Last month we asked for feedback on current trends in construction dispute resolution. We reviewed your comments and combined them with our own thoughts and observations.
As the court term draws to a close, we know that the Technology and Construction Court (TCC) in London and the regions is busier than it has been in recent years, with a general rise in the amount of litigation before it. This is not just through an increase in the amount of adjudication enforcement proceedings, but also reflects the fact that a number of substantial cases have been started in the courts.
Even though the courts are popular, we hear that some of you are “hard at it” dealing with arbitrations. If domestic arbitration is becoming more popular, then this must reflect an increase in the number of parties that are opting to include arbitration in their contracts. Some standard form contracts, such as the JCT, have litigation as the default dispute resolution mechanism, whereas NEC3 recommends arbitration. An increase in domestic arbitration may also reflect an increase in the use of the NEC3 contract. That said, last month saw one of the few reported cases on CIMAR, the JCT’s default arbitration rules.

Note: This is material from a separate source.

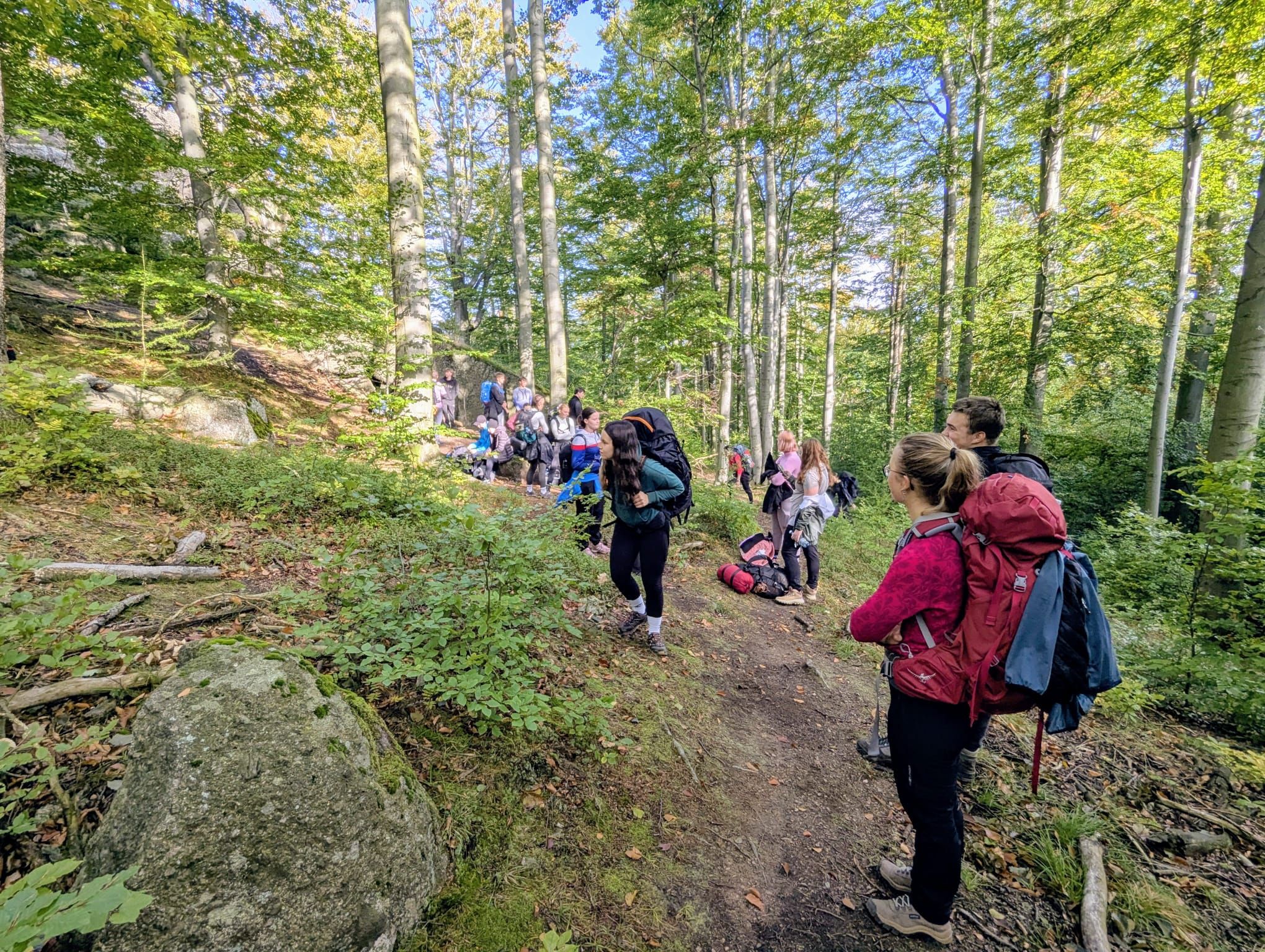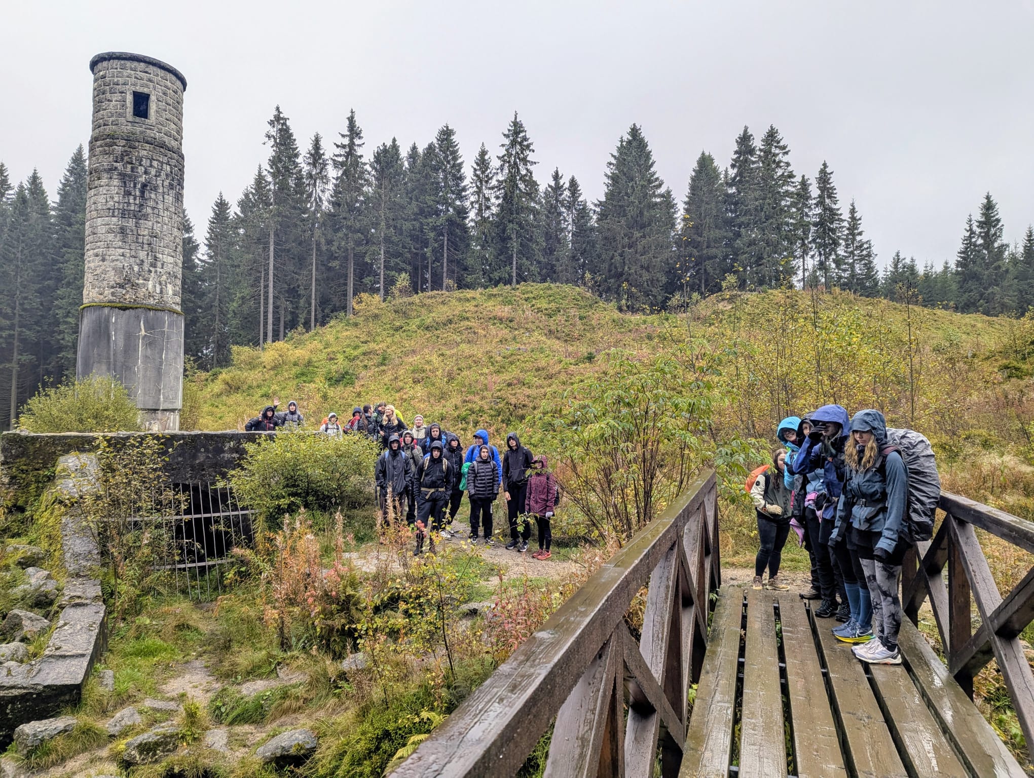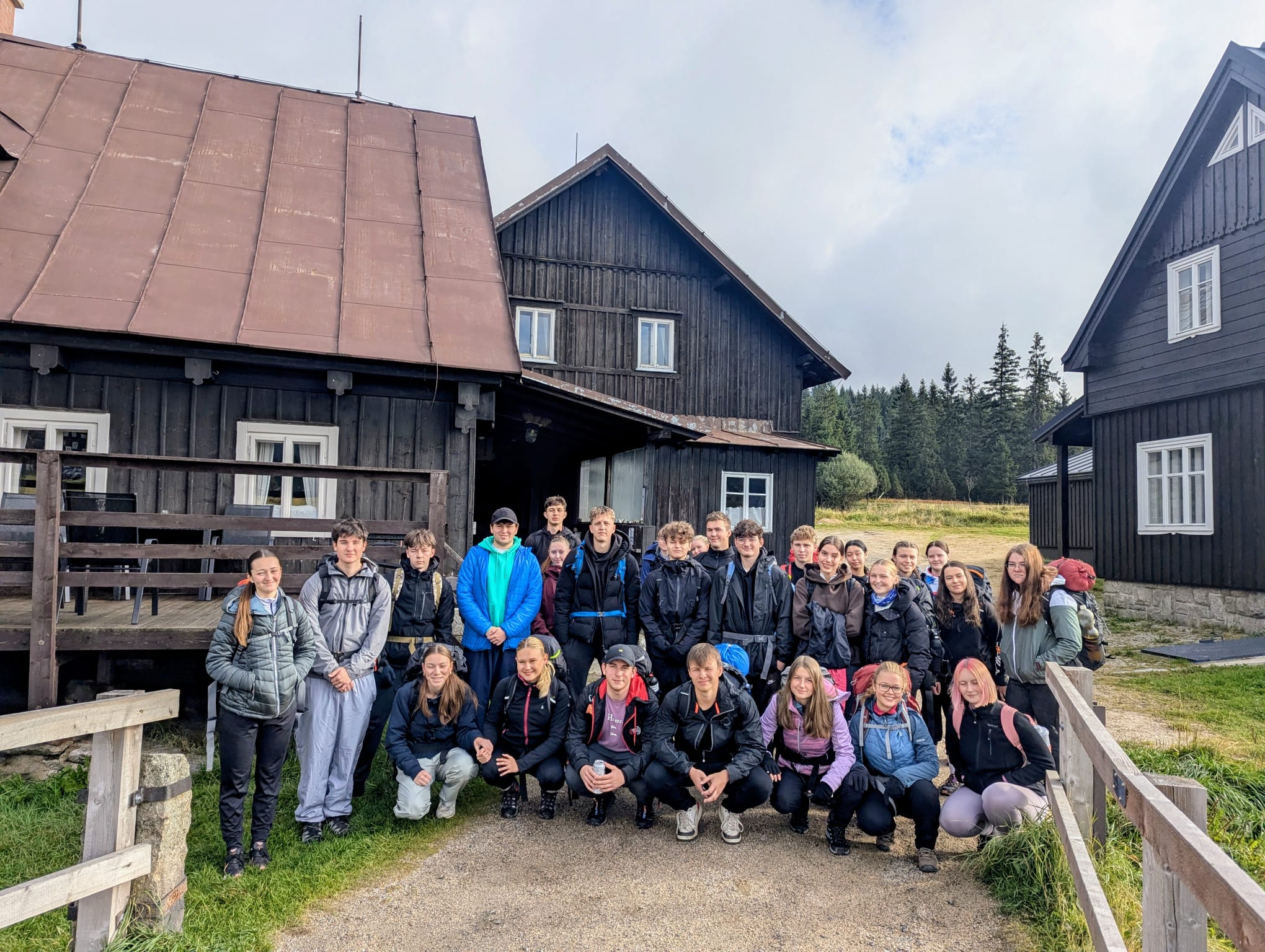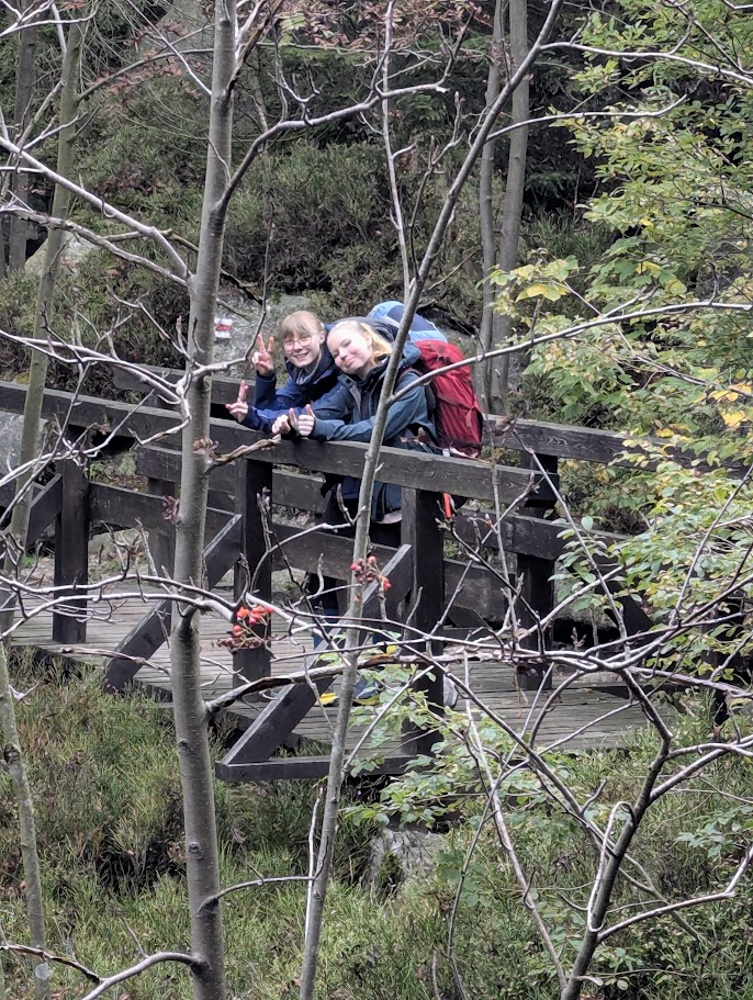 Vlakem jsme jeli do Tanvaldu, kde začala pěší část naší cesty. Trasa vedla přes Tanvaldský Špičák, kolem Protržené přehrady až na Jizerku, kde bylo zajištěno první nocování. Ušlá vzdálenost byla nečekaných 23 km.

One of the main advantages of arbitration is the confidentiality that it affords both parties; it has always been one of the key reasons to favour arbitration. Another is the fact that a specialist practitioner (such as an engineer or architect) can hear the dispute. Sometimes, however, complex disputes are best dealt with in a specialist court, like the TCC.
Mediation is also a confidential process. Occasionally, we hear about disputes that have settled after mediation. High-profile litigation, such as the Multiplex/Mott MacDonald Wembley dispute, the BSkyB/HP litigation and the Bath Spa disputes have all reportedly settled after mediation. The council (in the Bath Spa case) is a public body, so we know that it received £6.96 million in compensation for the delays to its project. As the other settlement agreements are confidential, that leaves a lot of room for speculation about their terms.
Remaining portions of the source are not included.